The Beagle removed the plastic bags and then carefully opened them. He removed the droppings by pouring them gently into a shallow plastic cylinder. Then he removed a pair of tweezers from his pocket and started prodding at the samples.

“Hmm,” he said. “I see. Yes, very interesting.”

“What is it?” I asked.

He didn’t answer me directly but instead kept poking and muttering things to himself like, “Yes, indeed,” and “How about that,” and “Just as I suspected.” Then he turned to face us.

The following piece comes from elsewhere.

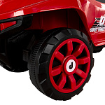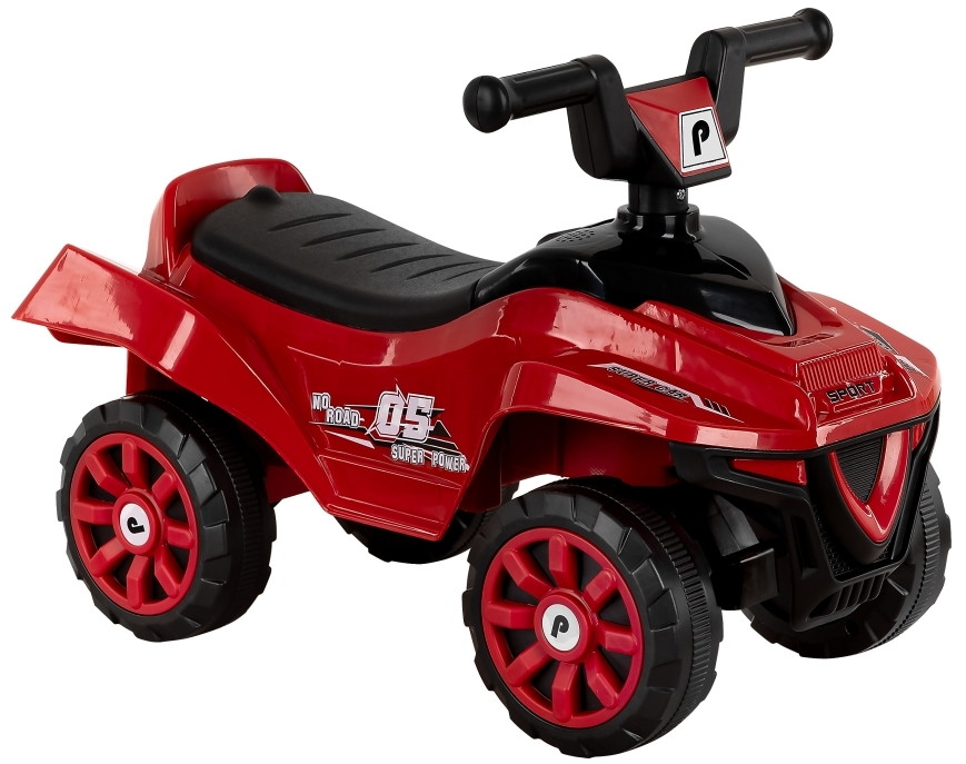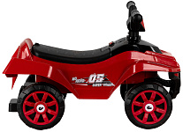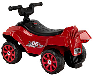 Модель выполнена в форме квадроцикла, имеет большие колеса с рисунком на шинах и просторное сиденье для комфортной посадки.
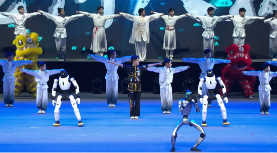 为让文化赋能更具象、更鲜活,晚会深挖山东文化IP,以科技为桥梁实现传统艺术的现代表达,让非遗技艺在创新中传承。作为国家级非物质文化遗产,山东琴书以琴为骨、乡音为魂,承载着齐鲁儿女的深厚情感与集体记忆。《老师傅“遇”AI》节目中,老艺人同台献艺,指尖捻弦、乡音悠扬,身旁的AI机器人则以精准算法接腔对唱,为非遗传承注入新潮活力;情景武术《传承·共生》里,人形机器人与武校学生相向而立,抱拳行礼、切磋招式,将水泊梁山武术的刚劲豪迈与机器人的精准利落完美融合,在刚柔并济间彰显齐鲁文化中的“忠义”内核。

“Well, you’ve definitely got feces from a Cricetus cricetus here. Also some from a Meriones unguiculatus, and even a Cavia porcellus. It’s a veritable pantheon of common captive critter crap you’ve brought me.”

“One more time in words I can understand,” I said. Experts: you have to love how they use their own jargon and technical terms as if we normal people would understand them. It’s like if I understood any of that, then why would I be coming to you for your expertise?

“Well, these originated from three different animals: a hamster, a gerbil, and a guinea pig.”

Now that just didn’t make any sense at all.

“You’re sure?” I asked.

“Definitely. Here, let me show you. . . .” He picked up a sample with his tweezers.

“No, no, that’s okay. I’m sure you know what you’re doing. Thanks a bunch. Consider that favor repaid.”

“Great. Thanks, Mac,” he said.

As Vince and I walked back to our office, we didn’t have much to say for the first several minutes. It was hard to wrap our heads around what the Beagle’s information meant exactly.

“So this is like that one time Joe Blanton struck out twenty-eight batters in six innings while he was still driving to the stadium because he was running late,” Vince finally said.

Normally I’d have laughed right then, but at the moment I was still too confused to offer much more than a nod.

“I guess this means that someone has to be planting the poop in kids’ lockers,” I said. “There’s no way that all three of those animals are just roaming around together and pooping in a pack like some sort of odd gang of misfit lab animals.”

“I know, but who could it be? And why?”

“Well, we did see Mr. Kjelson sneaking around suspiciously after hours with cages of rodents,” I said.

Vince tilted his head and said, “Yeah, that’s true, plus he has access to all of the science lab animals. But what could his motive possibly be?”

We both shook our heads just then, frustrated with the inexplicable nature of our recent discovery.